ドリームシティの名前を出してからと言うもの、こんは赤信号で止まる度にもう着くの?と訊ねてくる。あそこには大きい看板があるから、見えたら直ぐに分かるよ。と答えたのだが、その質問が途絶える事はなかった。

「テレビのせんでんでみたの!ずっといってみたかったの!」

そう言ってはしゃぐこんは、出会ったばかりの路地裏で小さくなっていた頃とはまるで別人だ。もしかしたら、今の自分も、こんから見ると別人に見えているのだろうか。そうだといいな、と強く思った。

そうこうしている間に、もう目的地は目の前だ。ドリームシティの看板が見えると、こんはうきうきして手をバタバタと動かしながら、あそこ!あそこ!と嬉しそうに指を指していた。ドリームシティの駐車場は、平日の昼にも関わらず誘導員がテキパキと合図灯を降っている。支持に従い車を停めると、こんのシートベルトを外してあげた。

「いこ!」

「そうだね。」

自動ドアに吸い込まれると、こんが手を握ってきた。それは、とてもとても温かくて、優しい気持ちになることの出来る魔法のようだった。

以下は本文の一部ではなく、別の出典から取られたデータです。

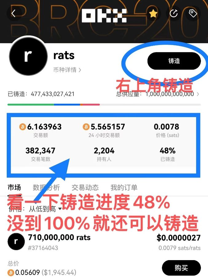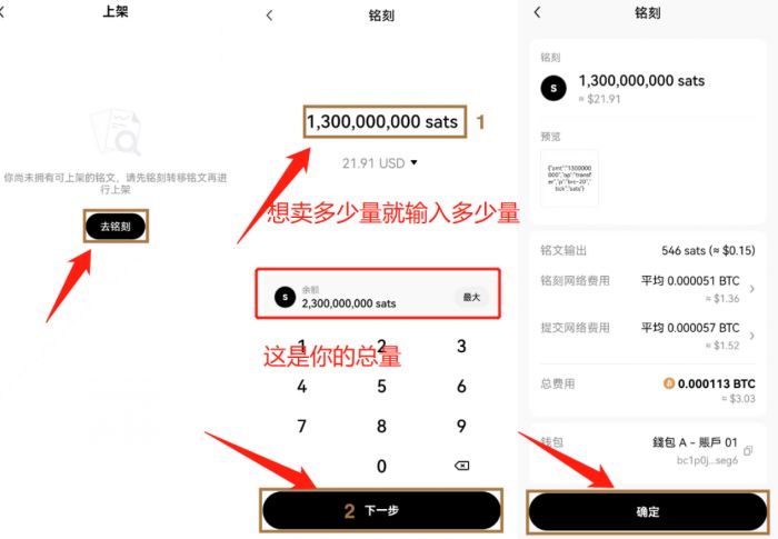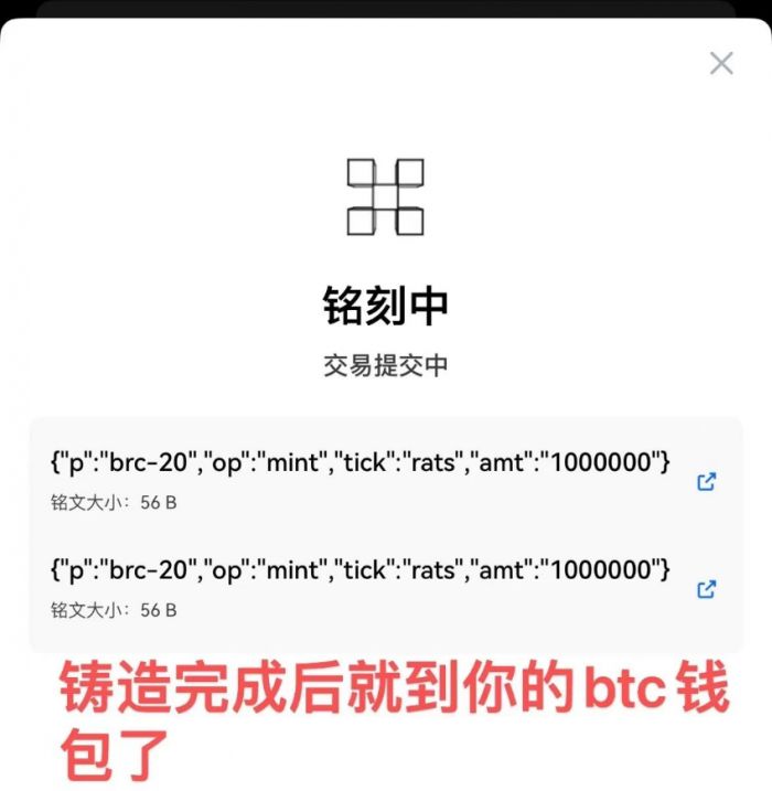 BTC钱包铸造完成后,就可以在交易所买BTC转载到这个钱包地址,转载先小金额测试,收到后,再转大笔金额,然后就可以去铸造铭文了。

エスカレーターを降りて、まずは子供服売り場へと向かう。そこではTシャツとジャケット、履物から下着まで一通り揃えることが出来た。支払いを済ませると、試着室を借りる。着替えを済ませてカーテンを開けると、店員さんが

「とっても可愛いですね!ありがとうございましたー!」

と声をかけてくれた。それは、まるで自分の事のように嬉しかった。

そのままぶらぶらと色んなお店を見てまわった。車に乗っていただけの先程とは違い、こんは自分の足で歩いている訳で、鳴っていた腹の虫なんてお構い無しに、まるでリードを引っ張る大型犬のように、繋いだ手を引っ張って来る。ゲームセンターやおもちゃ屋さんなどを粗方物色し終わると、さすがに胃の容量に限界を感じたようで

「おなかすいた…」

と空気の抜けた風船のように、その表情が萎んでしまった。

まだピッチピチの20代の筈なのだが、お恥ずかしい話、かなり疲れてしまったので、正直これは助かったと思い、休憩がてらレストランゾーンへの提案をする。それはこんに速攻で承諾され、2人はレストランゾーンの入口にある回転寿司屋さんへと入る事にした。お昼時は混む印象のある回転寿司屋さんだが、今日は運良く並ぶことなく入る事が出来た。